Inizia della Coppa del Mondo, il Parlamento Ue chiede a Mosca di rispettare i diritti umani

E sollecita le autorità russe a liberare immediatamente il regista ucraino Oleg Sentsov e oltre 70 cittadini ucraini detenuti. Chiesta la conferma delle sanzioni

Bruxelles – Nel giorno di inizio della Coppa del mondo di calcio FIFA in Russia, il Parlamento chiede alla Russia di garantire il rispetto dei diritti umani, la libertà di espressione e di riunione. I deputati europei chiedono anche alle autorità russe di liberare immediatamente e incondizionatamente il regista ucraino Oleg Sentsov e oltre 70 cittadini ucraini detenuti illegalmente in Russia e nella penisola della Crimea.

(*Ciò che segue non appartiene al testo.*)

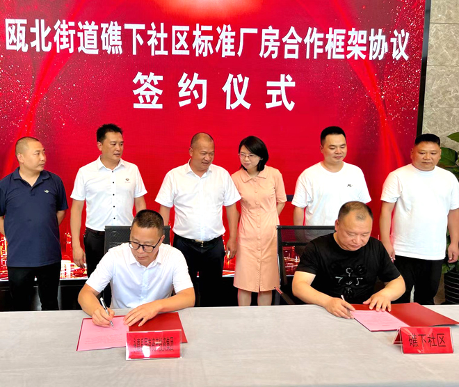 为进一步盘活瓯北街道礁下社区集体资产资源,搭建社区与国企交流合作平台,探索重工上楼新路径,发展壮大村集体经济,助推瓯北产业发展。7月4日上午,礁下社区在瓯北商会广场举行标准厂房合作框架协议签约仪式。

 La risoluzione invita pertanto gli Stati membri dell’Ue a rimanere fermi e uniti nell’attuazione delle sanzioni concordate contro la Russia e a prorogarle, e a prendere in considerazione anche misure mirate contro i responsabili della detenzione e del processo dei prigionieri politici.

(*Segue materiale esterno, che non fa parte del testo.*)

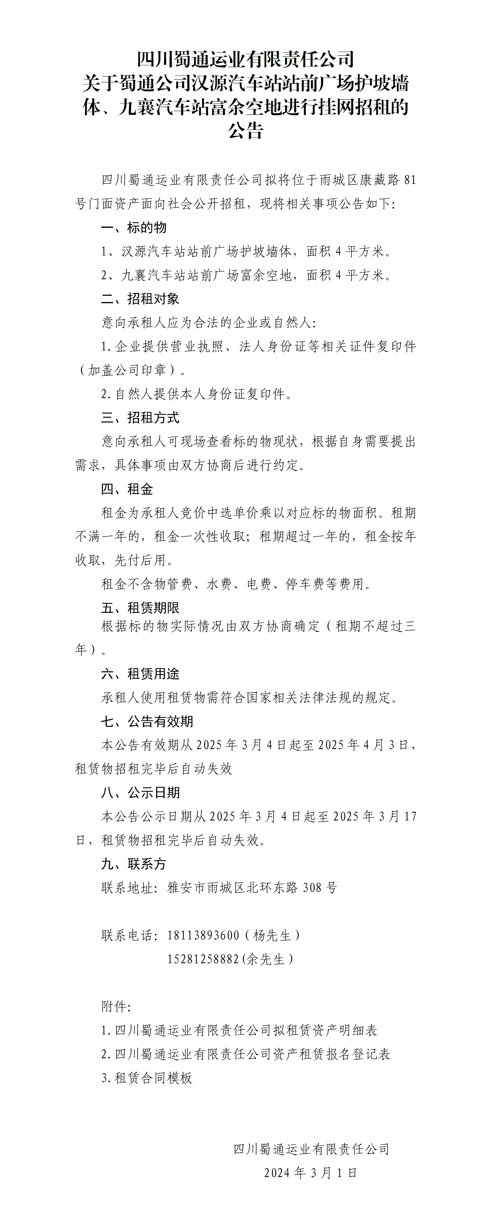 四川蜀通運(yùn)業(yè)有限責(zé)任公司 關(guān)于蜀通公司漢源汽車站站前廣場護(hù)坡墻體、九襄汽車站富余空地進(jìn)行掛網(wǎng)招租的公告

 Il Parlamento critica la legge russa sugli “agenti stranieri”, in base alla quale le ONG e i media stranieri che ricevono fondi stranieri sono soggetti a un elevato livello di controllo da parte del governo. Si condannano altresì le violazioni del diritto internazionale da parte della Russia nella Crimea occupata, compresa l’applicazione della legislazione russa, la pesante militarizzazione della penisola e le violazioni massicce e sistematiche dei diritti umani. Gli eurodeputati ricordano alla Russia che, in quanto potenza occupante, ha l’obbligo di proteggere i cittadini della Crimea da misure giudiziarie o amministrative arbitrarie e di garantire il rispetto dei loro diritti.

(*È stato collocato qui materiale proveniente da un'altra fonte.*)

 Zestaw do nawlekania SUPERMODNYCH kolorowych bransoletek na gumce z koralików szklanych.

In una nota la delegazione del Movimento 5 Stelle al Parlamento europeo ha annunciato il proprio dissenso. “Con la Russia bisogna aprire un canale di dialogo. L’Europa deve cambiare registro. Ecco perché voteremo oggi contro un paragrafo della risoluzione sulla Russia che chiede al Consiglio di restare unito nella politica delle sanzioni e di prolungarle”. Secondo il MoVimento “le sanzioni si sono rivelate uno strumento inadeguato, anzi hanno creato un clima di tensione e diffidenza reciproca con un partner strategico, la cui diplomazia potrebbe essere utile a distendere molteplici crisi internazionali. Le sanzioni, inoltre, hanno messo in crisi tantissime piccole e medie imprese che esportavano in Russia. Chiediamo al Parlamento europeo di prendere atto di questo fallimento e di lanciare un segnale distensivo alla Russia”.

L’eurodeputato del Pd Nicola Danti polemizza con la scelta. “Nel giorno dell’inizio dei Mondiali in Russia, abbiamo capito per chi tiferanno Salvini e Di Maio. Il Parlamento vota una mozione che condanna le violazioni dei diritti umani in Russia e chiede la liberazione dell’attivista e film-maker ucraino Oleg Sentsov e di tutti gli altri prigionieri politici detenuti a Mosca: grande sostegno dalla maggioranza dei gruppi politici, tranne la Lega contraria e i 5 Stelle astenuti. Al servizio di Putin sempre, anche nelle violazioni dei diritti umani”.

La risoluzione non vincolante è approvata con 485 voti favorevoli, 76 contrari e 66 astensioni.

Sempre oggi, il Parlamento ha approvato una risoluzione di conferma della condanna a 10 anni dall’occupazione russa della Georgia.